When you transcribe the listing that follows, keep every line exact and skip any picture.

....................

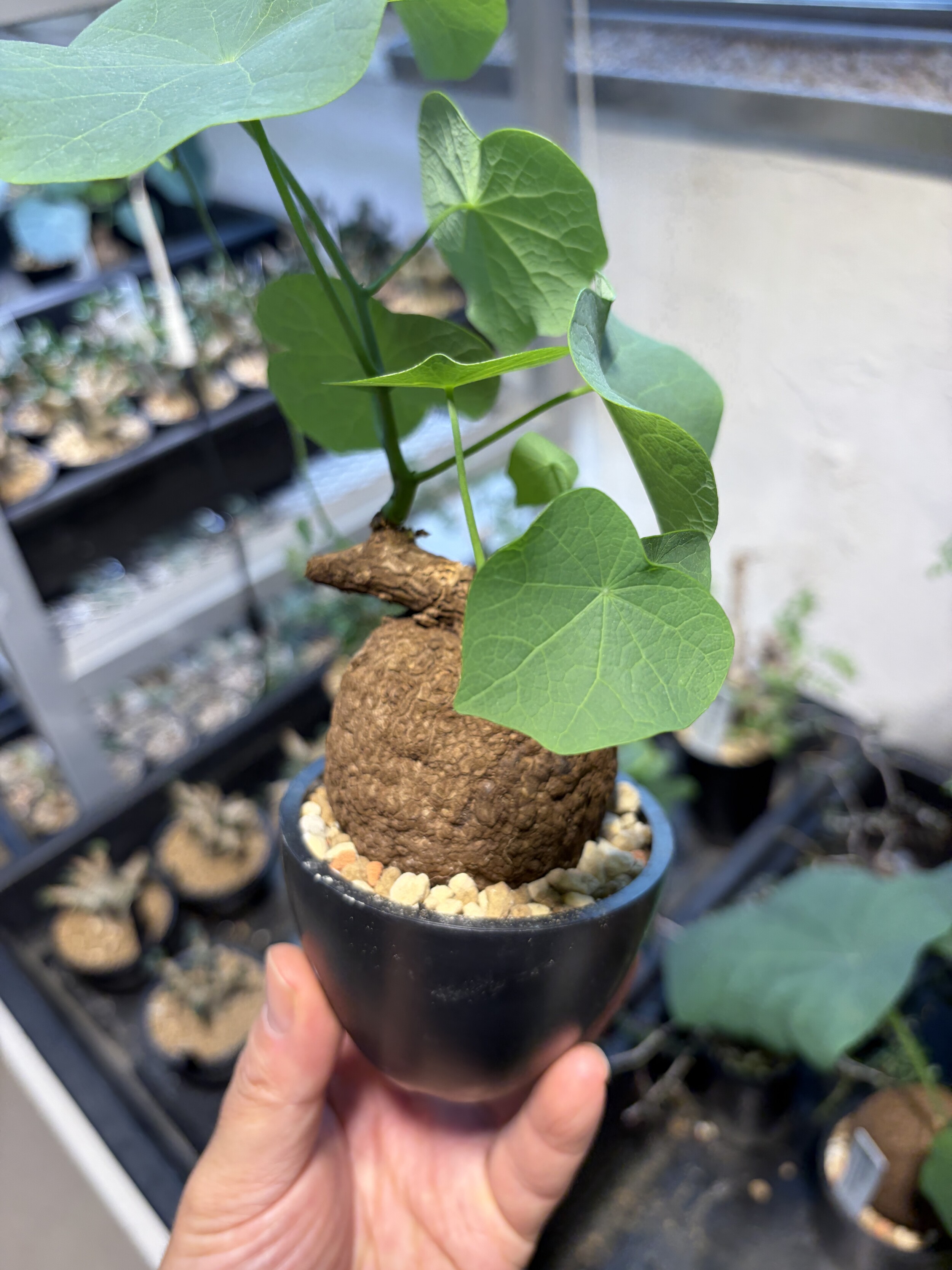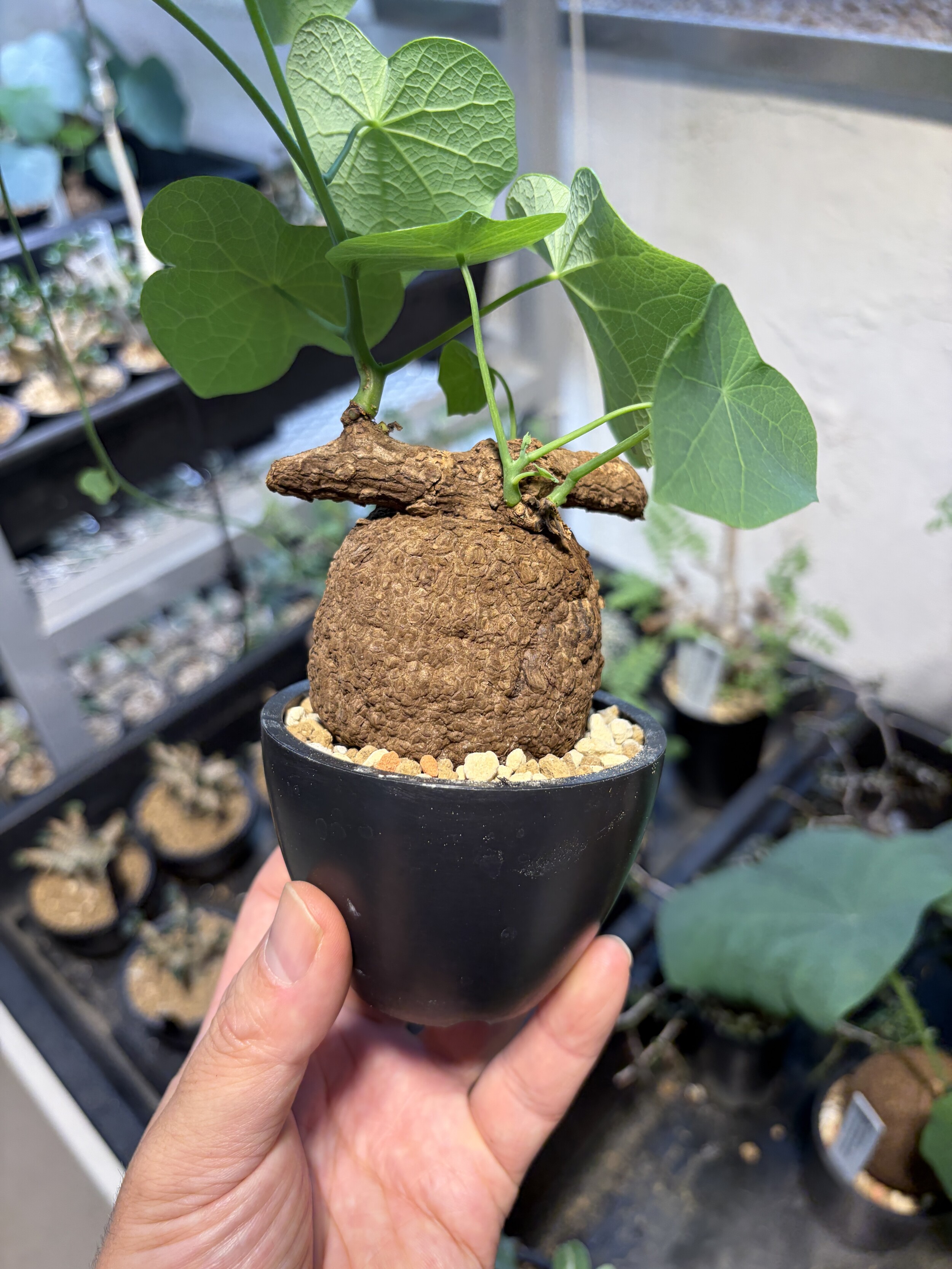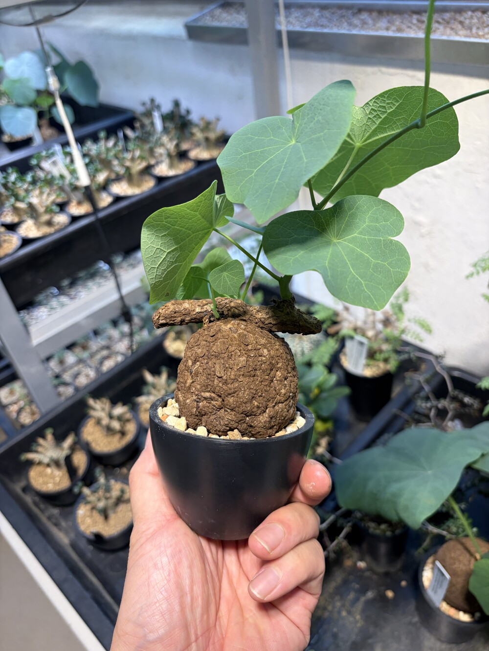 'Caudex' 식물들은 늦가을부터 자연스럽게 잎이 떨어집니다. (환경에 따라 잎이 지지 않을 수 있습니다.) 잎이 떨어지기 시작하면 서서히 물을 줄여나가며 휴면기인 겨울 동안에는 2-3주 1회 가볍게 분무 해주시면 됩니다.
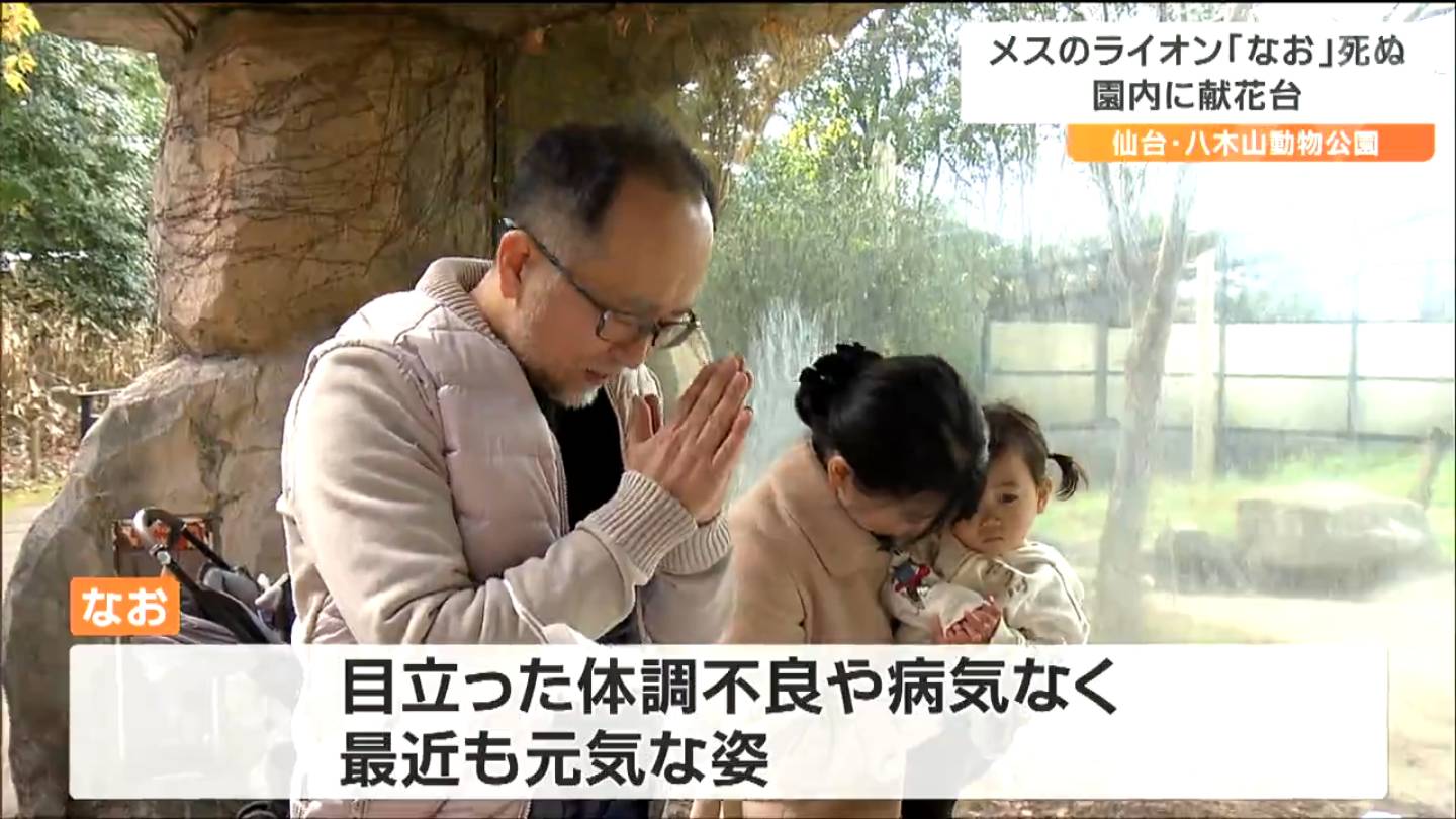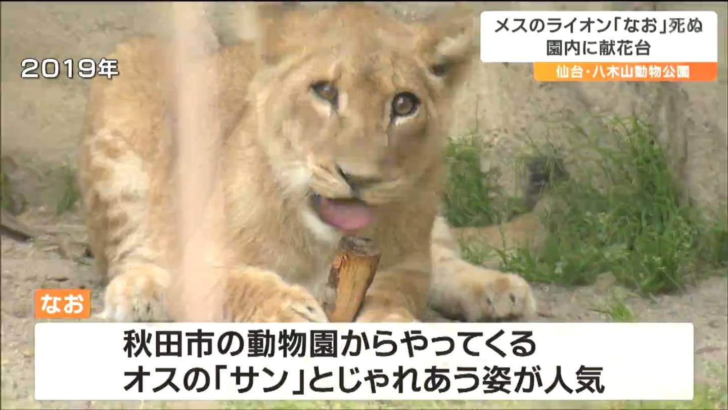 仙台市の八木山動物公園で飼育されていたメスのライオン「なお」が4日、死にました。最近まで元気な様子だったという「なお」。園内には献花台が設置され訪れた人たちが突然の死を悲しみました。
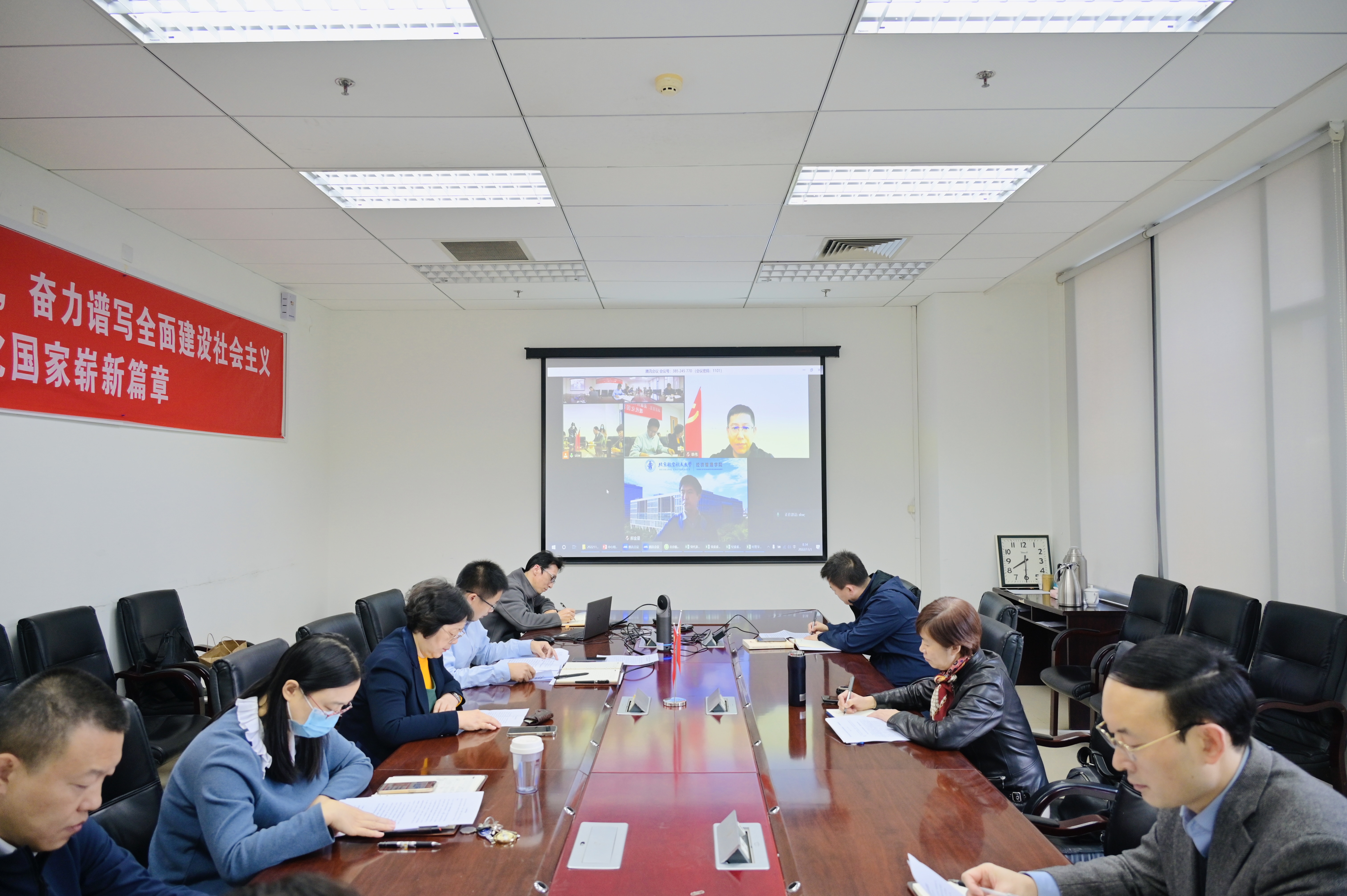 北航新闻网11月7日电(航宣/文 邸白鹭 宋超 田文浩 廉依倪 张可立 韩拯寰 赵金昊 吴桐/摄影)党的二十大系统擘画了以中国式现代化推进民族复兴的宏伟蓝图,对高等教育提出了新的更高要求,为高校改革发展提供了根本遵循和行动指南。学校把学习宣传贯彻党的二十大精神作为头等大事、首要政治任务,在开展一轮次校院党委理论中心组专题学习的基础上,10月31日至11月4日,组织各二级单位党委(党总支)理论学习中心组围绕党的二十大精神完成第二轮次全覆盖学习。全体校领导列席指导联系学院或单位党委理论中心组学习,围绕党的二十大精神交流思想体会,加强督促指导,凝聚奋进力量。
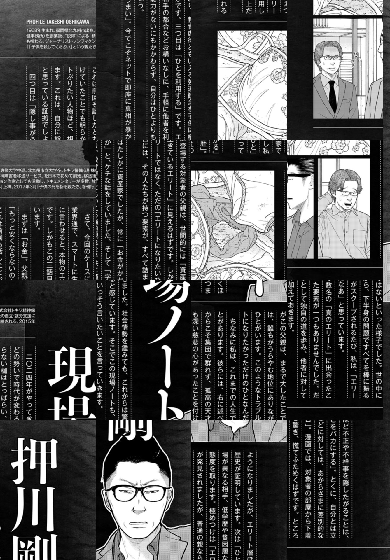 過度の教育圧力に潰れたエリートの息子、酒に溺れて親に刃物を向ける男、母親を奴隷扱いし、ゴミに埋もれて生活する娘…。現代の裏側に潜む家族と社会の闇を抉り、その先に光を当てる…。様々なメディアで取り上げられた押川剛の衝撃のノンフィクションを鬼才・鈴木マサカズの力で完全漫画化!
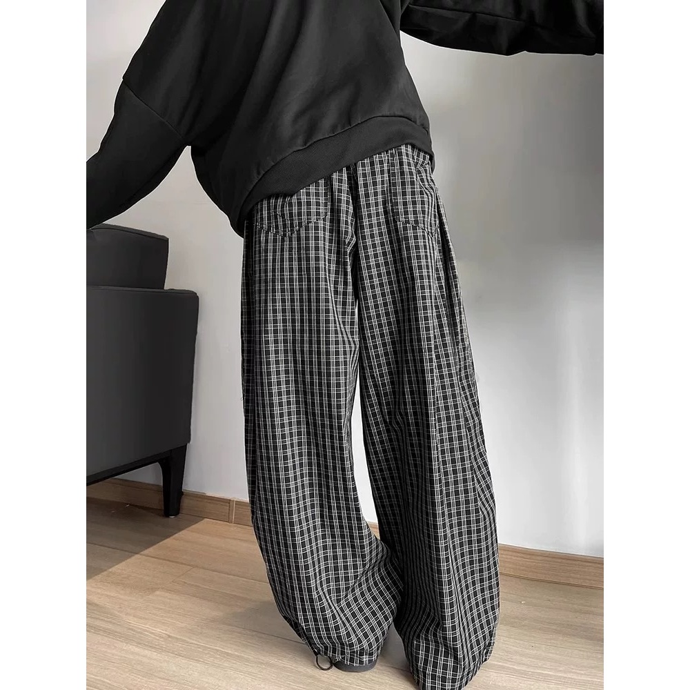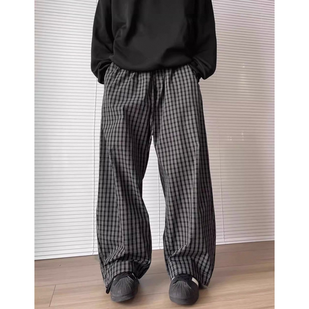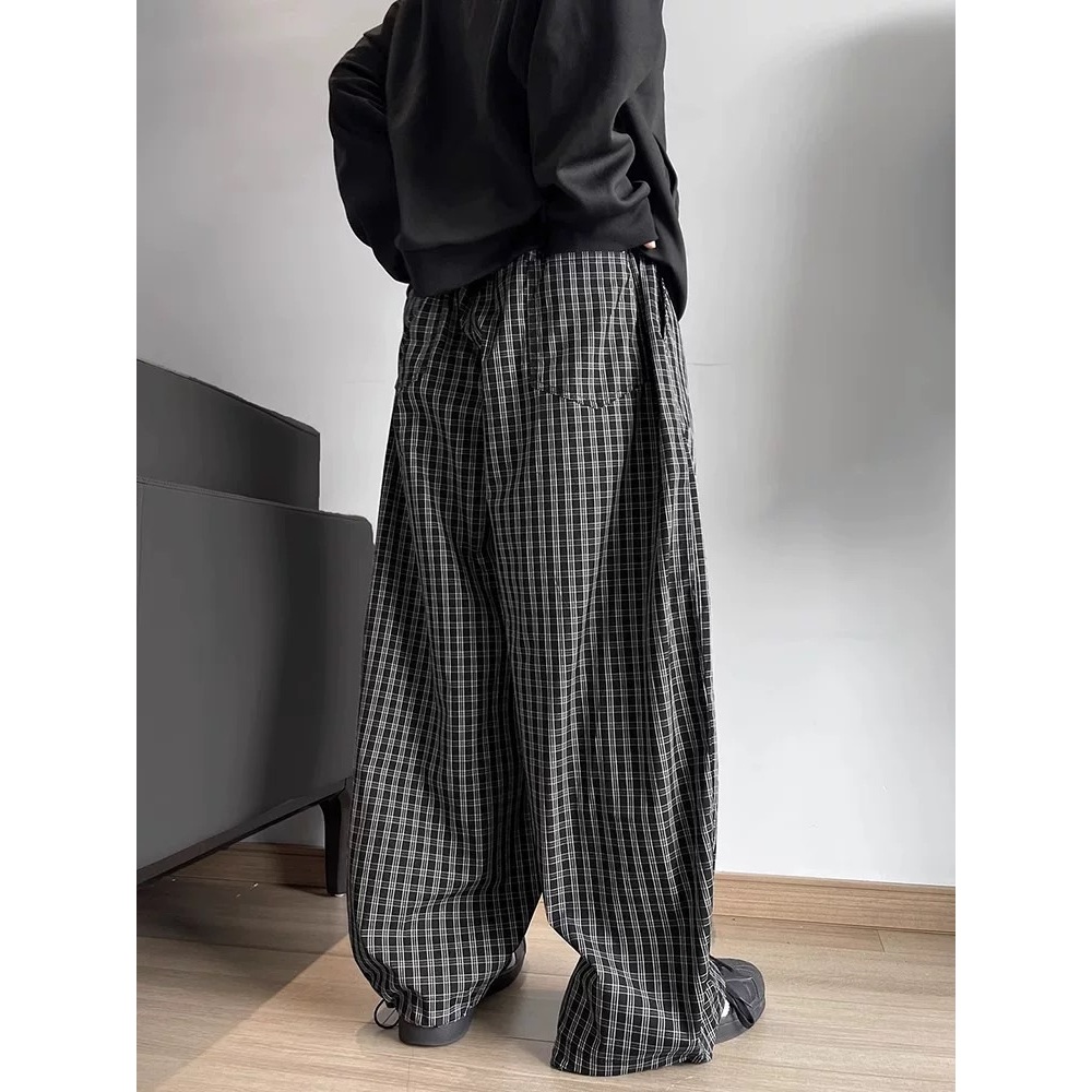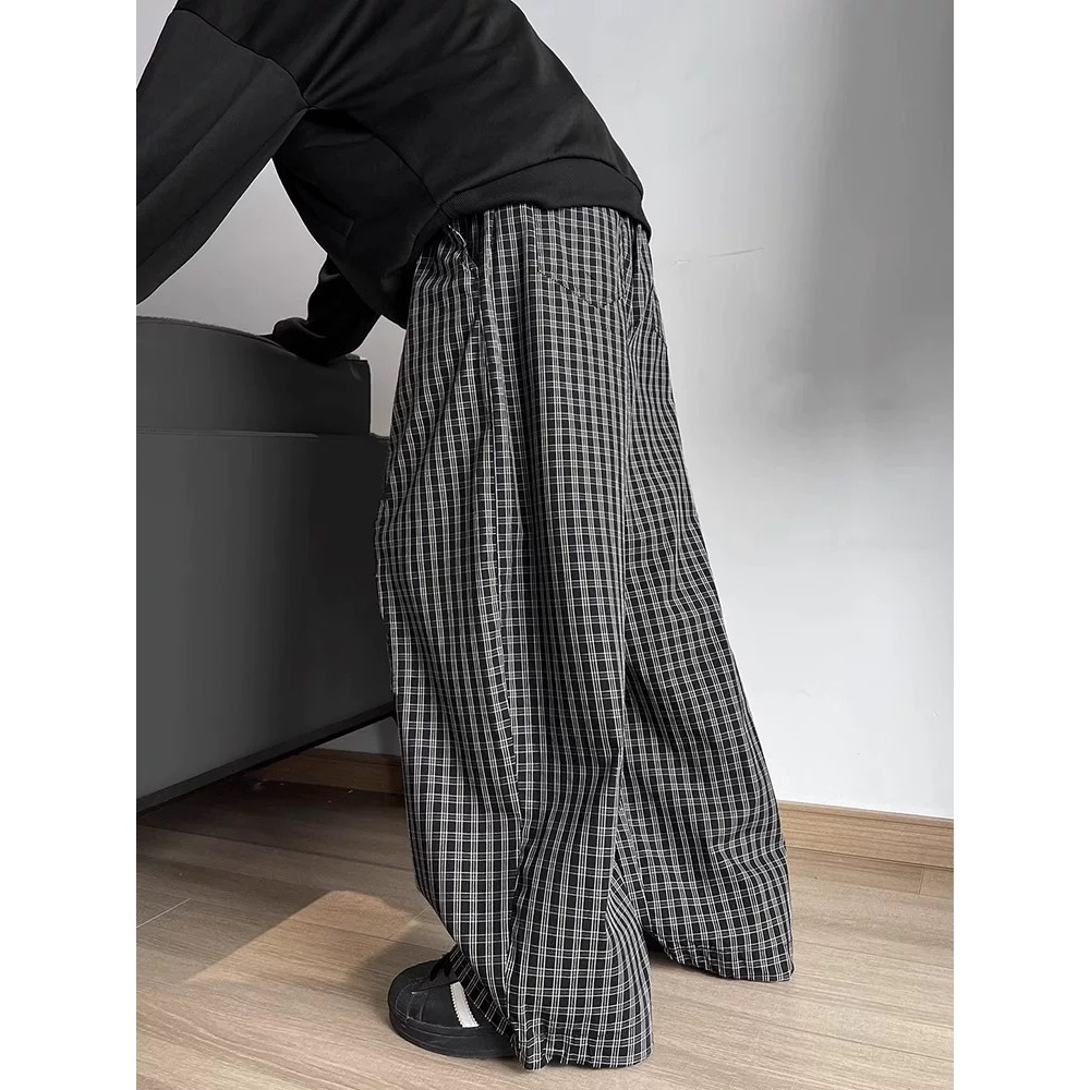 【K-2】日系復古 小格子 闊腿寬褲 日系長褲 格子褲 寬褲 格紋褲 長褲 復古長褲 Y2K褲子 闊腿褲【JAK56】M|L|XL|XXLPantsK-2 Fashionboy
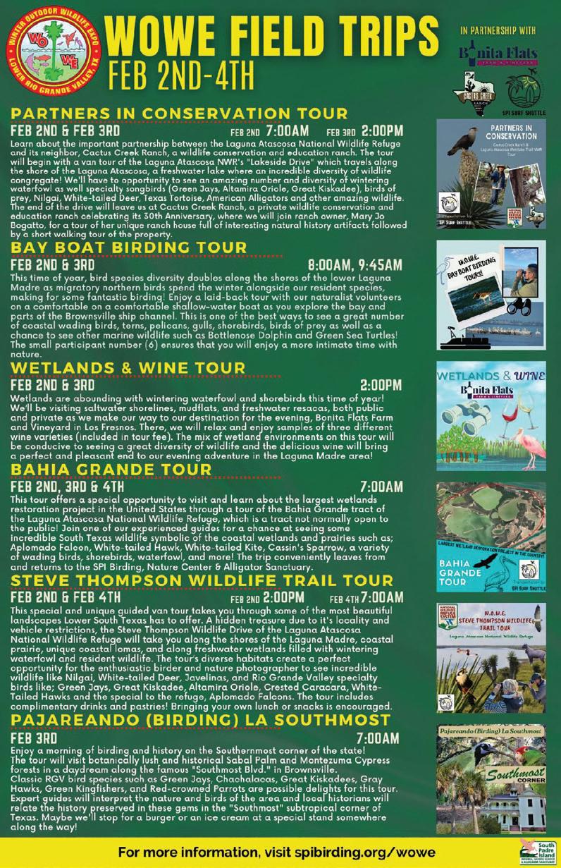 No, the headline is not a typographical error! It’s time for the Winter Outdoor Wildlife Expo or WOWE. This spectacular event is being held February 5 – 7 at the SPI Birding, Nature Center & Alligator Sanctuary on South Padre Island. There will be field trips, guest speakers, raptor and reptile shows, exhibitors, a photo contest, and a whole lot more.

....................

> ANSWER BOX:
 'Caudex' 식물들은 늦가을부터 자연스럽게 잎이 떨어집니다. (환경에 따라 잎이 지지 않을 수 있습니다.) 잎이 떨어지기 시작하면 서서히 물을 줄여나가며 휴면기인 겨울 동안에는 2-3주 1회 가볍게 분무 해주시면 됩니다.
 仙台市の八木山動物公園で飼育されていたメスのライオン「なお」が4日、死にました。最近まで元気な様子だったという「なお」。園内には献花台が設置され訪れた人たちが突然の死を悲しみました。
 北航新闻网11月7日电(航宣/文 邸白鹭 宋超 田文浩 廉依倪 张可立 韩拯寰 赵金昊 吴桐/摄影)党的二十大系统擘画了以中国式现代化推进民族复兴的宏伟蓝图,对高等教育提出了新的更高要求,为高校改革发展提供了根本遵循和行动指南。学校把学习宣传贯彻党的二十大精神作为头等大事、首要政治任务,在开展一轮次校院党委理论中心组专题学习的基础上,10月31日至11月4日,组织各二级单位党委(党总支)理论学习中心组围绕党的二十大精神完成第二轮次全覆盖学习。全体校领导列席指导联系学院或单位党委理论中心组学习,围绕党的二十大精神交流思想体会,加强督促指导,凝聚奋进力量。
 過度の教育圧力に潰れたエリートの息子、酒に溺れて親に刃物を向ける男、母親を奴隷扱いし、ゴミに埋もれて生活する娘…。現代の裏側に潜む家族と社会の闇を抉り、その先に光を当てる…。様々なメディアで取り上げられた押川剛の衝撃のノンフィクションを鬼才・鈴木マサカズの力で完全漫画化!
 【K-2】日系復古 小格子 闊腿寬褲 日系長褲 格子褲 寬褲 格紋褲 長褲 復古長褲 Y2K褲子 闊腿褲【JAK56】M|L|XL|XXLPantsK-2 Fashionboy
 No, the headline is not a typographical error! It’s time for the Winter Outdoor Wildlife Expo or WOWE. This spectacular event is being held February 5 – 7 at the SPI Birding, Nature Center & Alligator Sanctuary on South Padre Island. There will be field trips, guest speakers, raptor and reptile shows, exhibitors, a photo contest, and a whole lot more.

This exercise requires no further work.